Proceedings of the XLVII Italian Society of Agricultural Genetics - SIGA Annual Congress

Verona, Italy - 24/27 September, 2003

ISBN 88-900622-4-X

 

 

ISOLATION OF SINGLE-CHAIN Fv ANTIBODY FRAGMENTS AGAINST POTATO VIRUS X (PVX) FROM PHAGE DISPLAY LIBRARIES

 

M. DI CARLI, M.E. VILLANI, C. LICO, E. BENVENUTO

 

ENEA, BIOTEC-GEN, CR Casaccia, Via Anguillarese 301, 00060 Roma

 

 

PVX, scFv, phage display,molecular repertoires

 

In phage-display libraries, peptides or proteins are expressed as a fusion with the coat protein of the phage allowing a rapid selection of molecules with desired properties by a series of recursive cycles of selection. One of the most important application of phage-display has been the easy isolation of recombinant antibodies with desired specificity; for many application, one of the most versatile antibody format is the single-chain antibody (scFv) constituted by the V_H and V_L of the two variable domain fragments (scFv). This antibody format is a valuable tool for immunotherapy in plants (Benvenuto & Tavladoraki 1995) or diagnosis.

 

We isolated scFv antibodies specific to potato virus X (PVX) using two different phage display libraries.
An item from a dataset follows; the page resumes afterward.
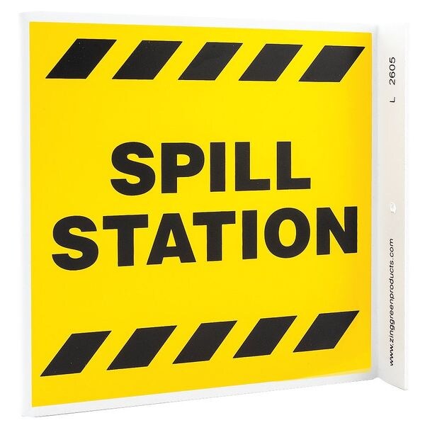 Spill Station Sign, Sign Subject Matter Spill Control, Height 7 In., Width 7 In., Sign Material Plastic, Sign Mounting Style With Mounting Holes, L-Shaped, Legend Spill Station, Printed Language English, Sign Shape L-Shaped

One, composed of intrinsically stable scFvs with a repertoire of approximately 5x 10⁷ different clones (the "F8 library" ) (Desiderio et al. 2001), and the other a human germline derived library composed of 6x10⁸ different clones (the "ETH2 library") (Pini et al. 1998).

 

After four rounds of selection and enrichment ("biopanning") on the immobilised virus, a panel of different phages clones were obtained from each library and individual clones were selected and tested for binding to the virus by enzyme-linked immunosorbent assay (ELISA). Approximately 65% of the clones from the "F8 library" were positive for the PVX while from the "ETH2 library".only 10% of the clones were positive. The clones that showed the highest binding to the virus were chosen for sequencing and further biochemical characterization. These scFvs fragments could represent a valuable tool for inexpensive immunodiagnosis, and once expressed functionally in transgenic plants can also be used for immunomodulation of PVX infection.

 

 

References

Benvenuto & Tavladoraki (1995) Trends Microbiol.3(7):272-5.

Desiderio et al. (2001) J Mol Biol. 13;310(3):603-15.

Pini et al. (1998) J Biol Chem 273(34):21769-76.